■ WHAT TO PRODUCE ■
From the material below, set down exactly the lines that run from the one containing "Al piano inferiore" to the one containing "di stile unico.", minus the pictures.

■ MATERIAL SHOWN ■

......

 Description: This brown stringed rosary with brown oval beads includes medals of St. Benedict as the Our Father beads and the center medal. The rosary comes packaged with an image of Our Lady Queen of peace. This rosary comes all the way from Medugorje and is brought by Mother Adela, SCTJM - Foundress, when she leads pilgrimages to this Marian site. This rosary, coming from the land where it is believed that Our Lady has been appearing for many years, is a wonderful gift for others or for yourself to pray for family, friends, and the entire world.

......

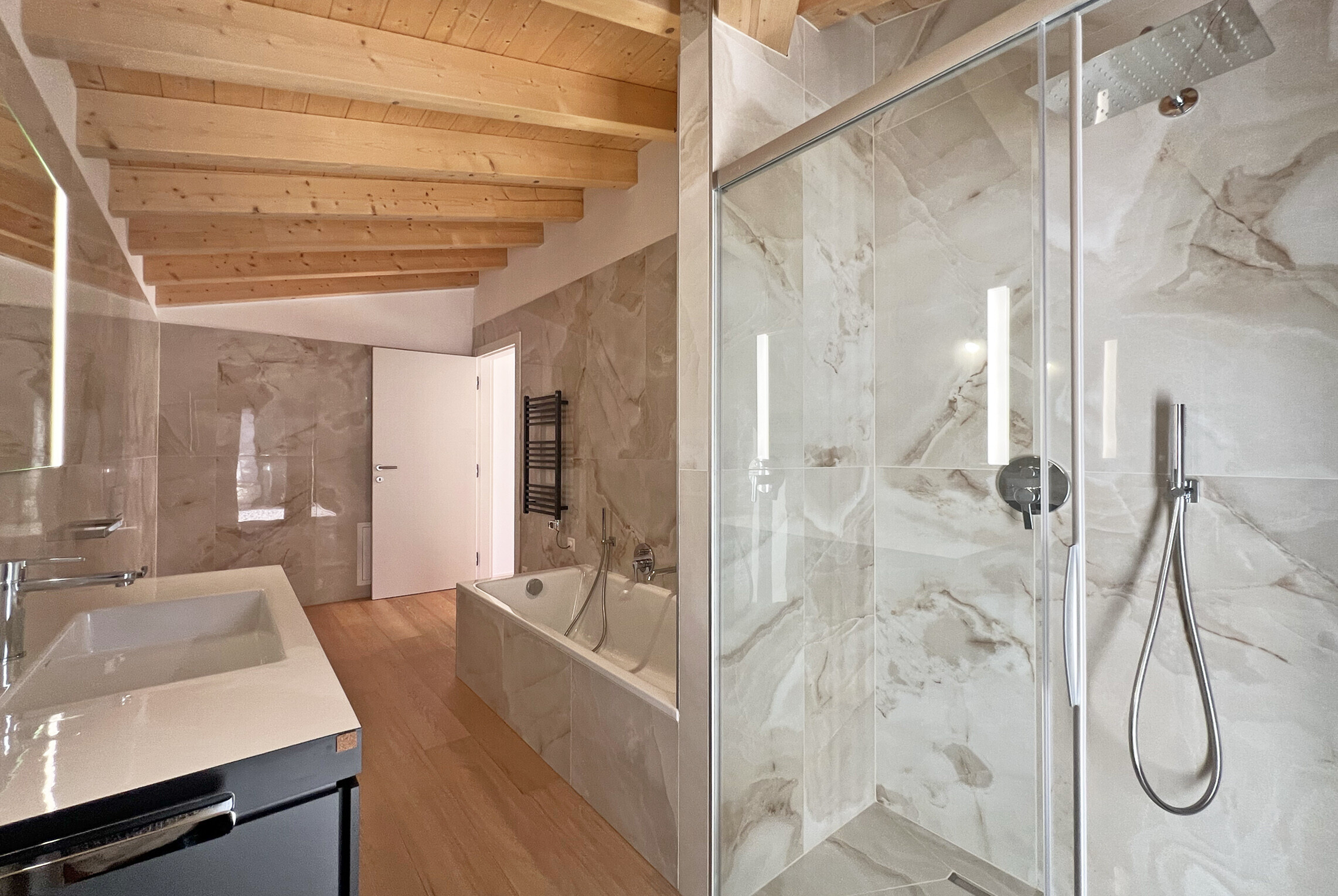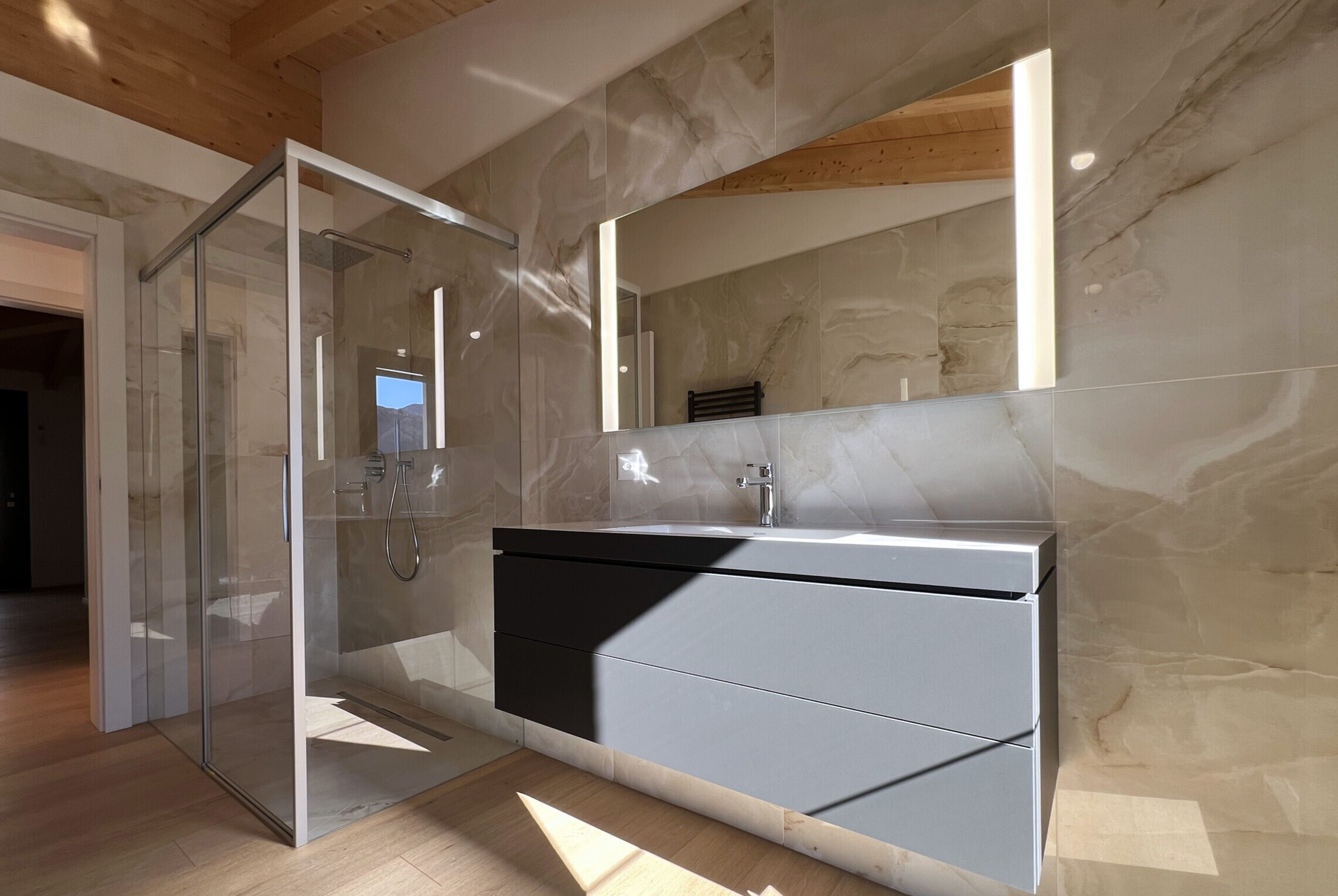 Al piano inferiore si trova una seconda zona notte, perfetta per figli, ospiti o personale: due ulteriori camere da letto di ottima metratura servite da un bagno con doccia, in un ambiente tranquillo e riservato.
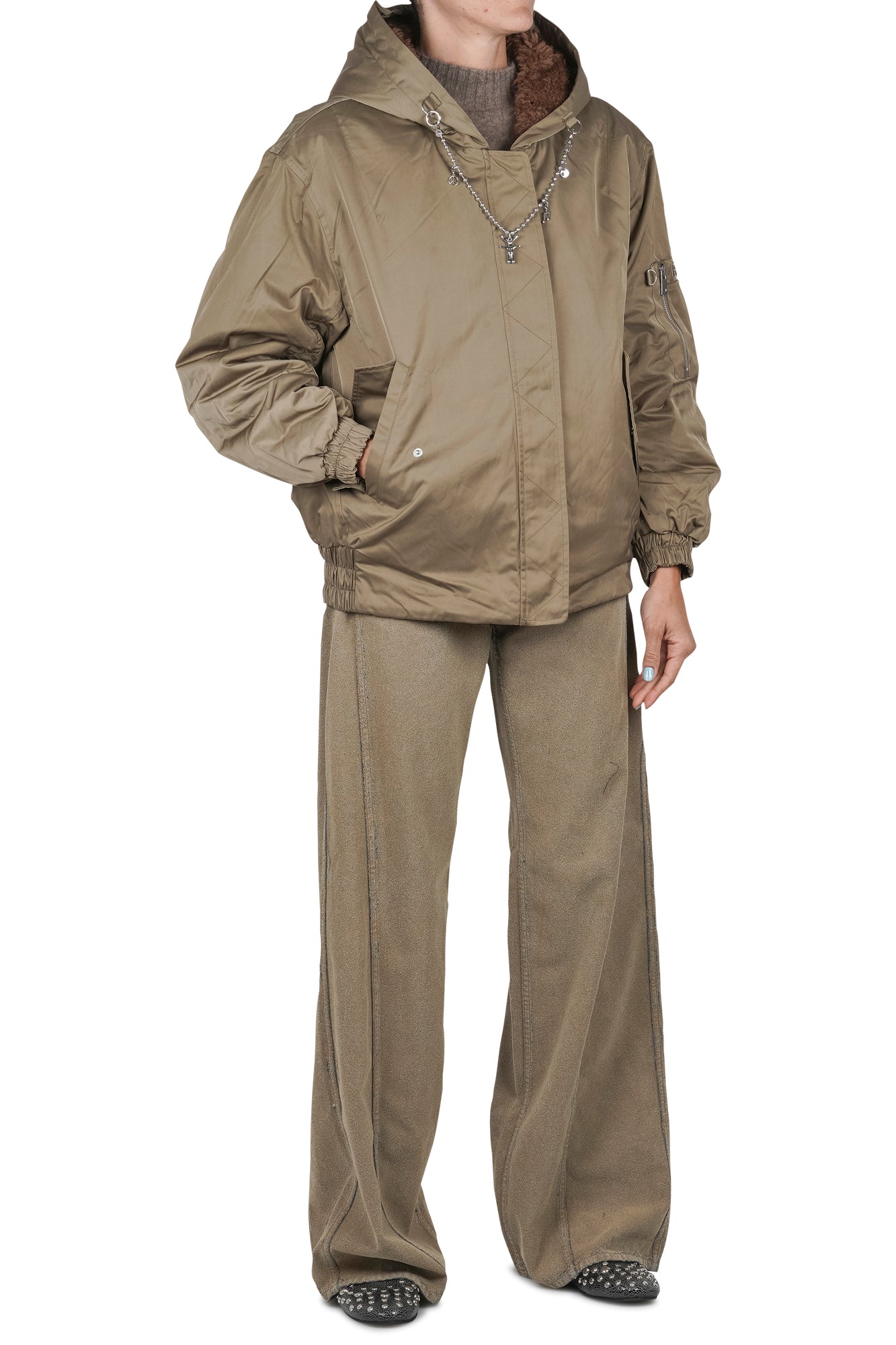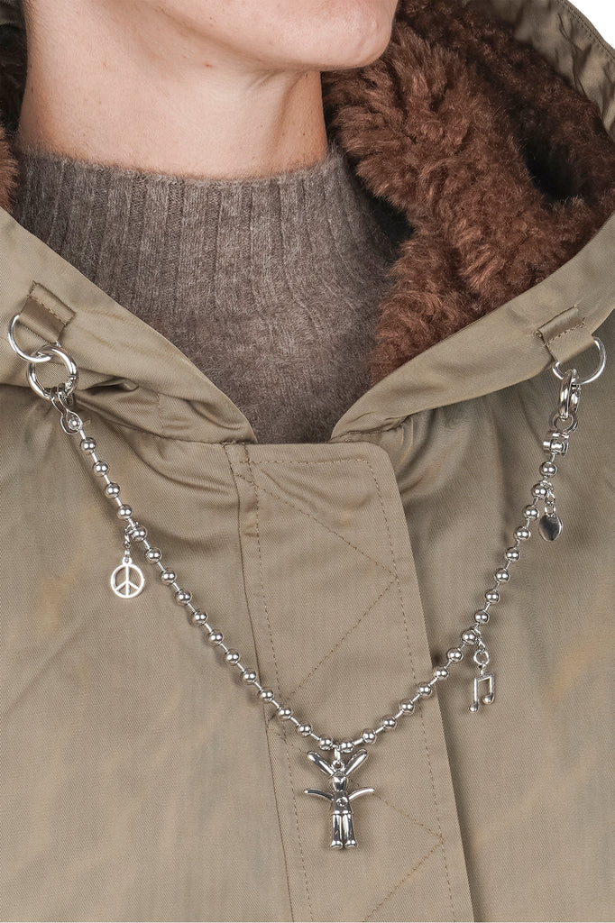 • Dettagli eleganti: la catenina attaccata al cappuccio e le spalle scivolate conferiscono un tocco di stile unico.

......

■ EXPECTED OUTPUT ■
 Al piano inferiore si trova una seconda zona notte, perfetta per figli, ospiti o personale: due ulteriori camere da letto di ottima metratura servite da un bagno con doccia, in un ambiente tranquillo e riservato.
 • Dettagli eleganti: la catenina attaccata al cappuccio e le spalle scivolate conferiscono un tocco di stile unico.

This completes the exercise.